State Key Laboratory of Fluid Power Transmission & Control, Zhejiang University, Hangzhou, China.
Sci Prog. 2023 Apr-Jun;106(2):368504231180090. doi: 10.1177/00368504231180090.
Collaborative filtering is a kind of widely used and efficient technique in various online environments, which generates recommendations based on the rating information of his/her similar-preference neighbors. However, existing collaborative filtering methods have some inadequacies in revealing the dynamic user preference change and evaluating the recommendation effectiveness. The sparsity of input data may further exacerbate this issue. Thus, this paper proposes a novel neighbor selection scheme constructed in the context of information attenuation to bridge these gaps. Firstly, the concept of the preference decay period is given to describe the pattern of user preference evolution and recommendation invalidation, and thus two types of dynamic decay factors are correspondingly defined to gradually weaken the impact of old data. Then, three dynamic evaluation modules are built to evaluate the user's trustworthiness and recommendation ability. Finally, A hybrid selection strategy combines these modules to construct two neighbor selection layers and adjust the neighbor key thresholds. Through this strategy, our scheme can more effectively select capable and trustworthy neighbors to provide recommendations. The experiments on three real datasets with different data sizes and data sparsity show that the proposed scheme provides excellent recommendation performance and is more suitable for real applications, compared to the state-of-the-art methods.

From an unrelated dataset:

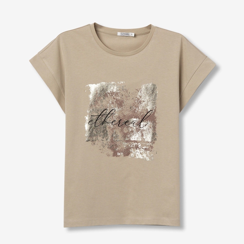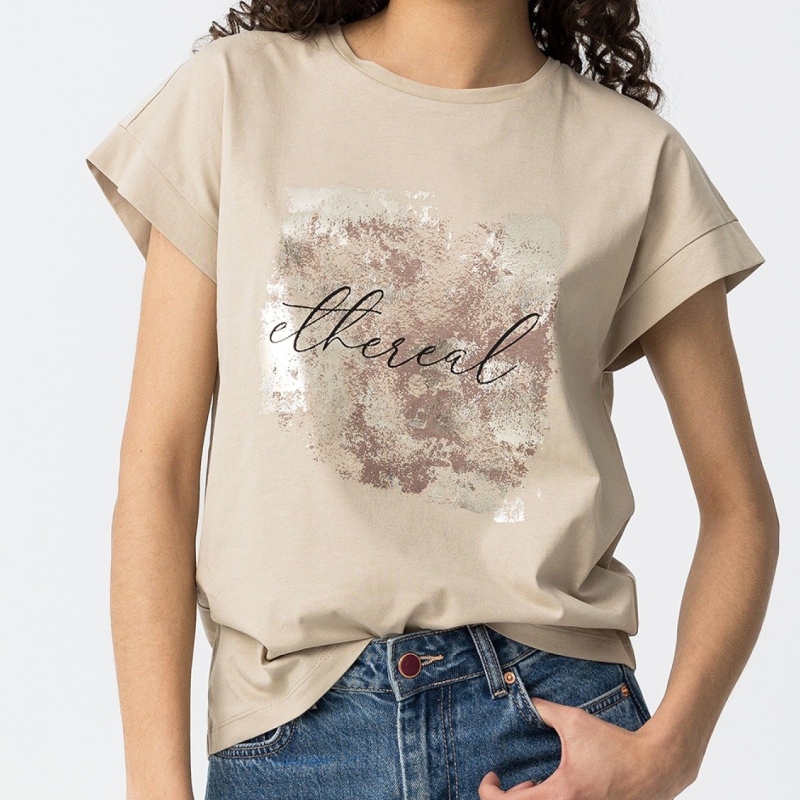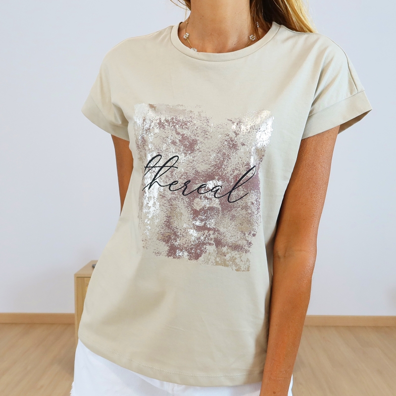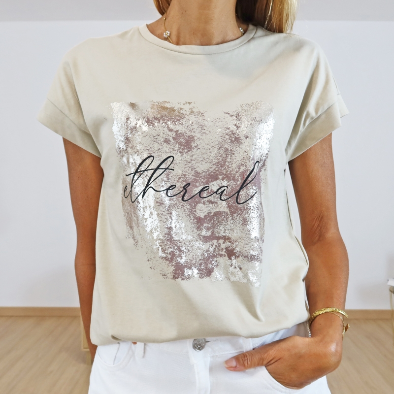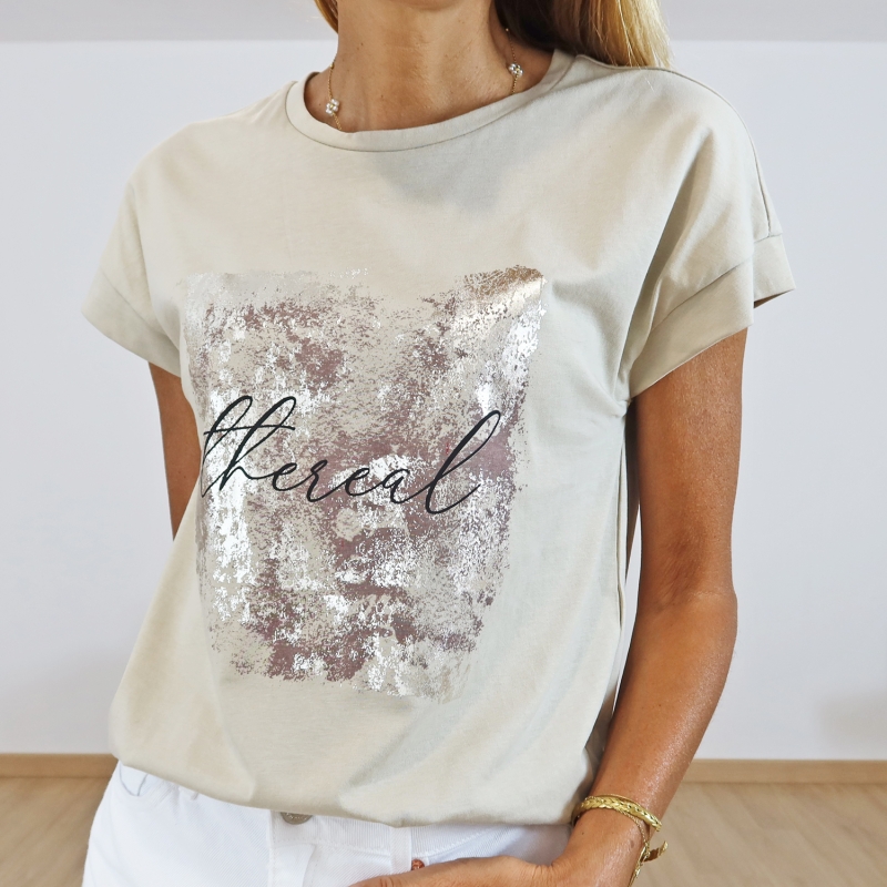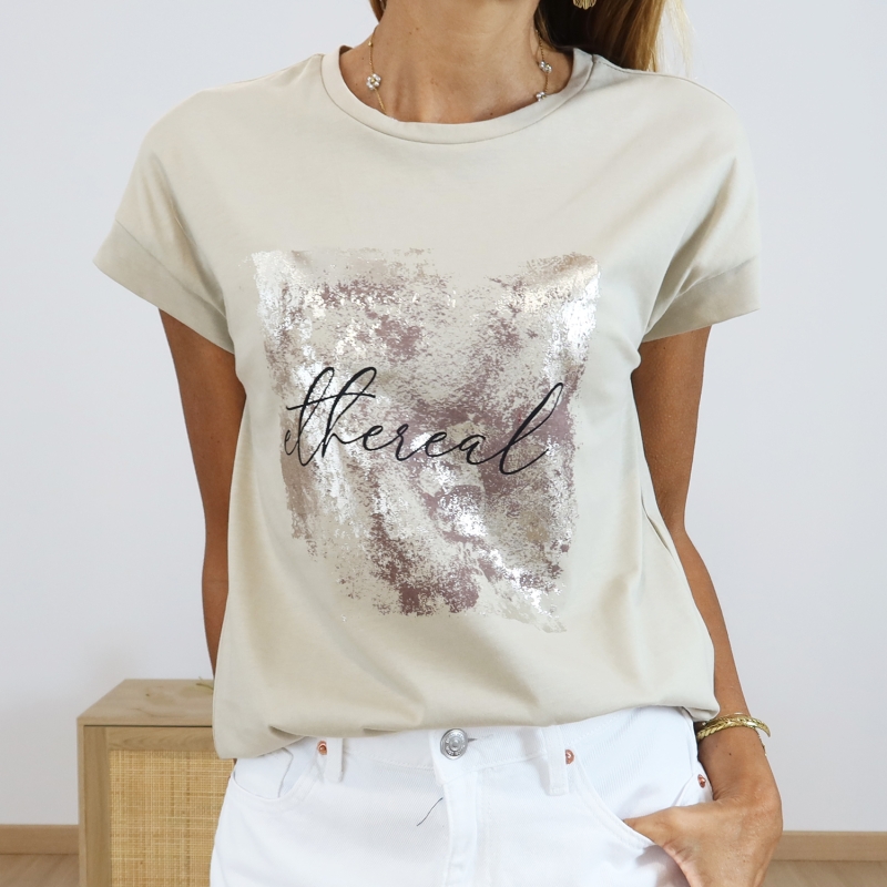 Coloris beige, fantaisie impression doré clair et chocolat

协同过滤是一种在各种在线环境中广泛使用且高效的技术,它基于用户相似偏好邻居的评分信息生成推荐。然而,现有的协同过滤方法在揭示用户偏好的动态变化和评估推荐效果方面存在一些不足。输入数据的稀疏性可能会进一步加剧这个问题。因此,本文提出了一种新的基于信息衰减的邻居选择方案来弥补这些差距。首先,给出了偏好衰减期的概念来描述用户偏好演化和推荐失效的模式,从而相应地定义了两种类型的动态衰减因子来逐渐减弱旧数据的影响。然后,构建了三个动态评估模块来评估用户的可信度和推荐能力。最后,通过混合选择策略将这些模块结合起来构建两个邻居选择层,并调整邻居关键阈值。通过这种策略,我们的方案可以更有效地选择有能力且值得信赖的邻居提供推荐。在三个具有不同数据大小和数据稀疏性的真实数据集上的实验表明,与最先进的方法相比,所提出的方案提供了出色的推荐性能,更适用于实际应用。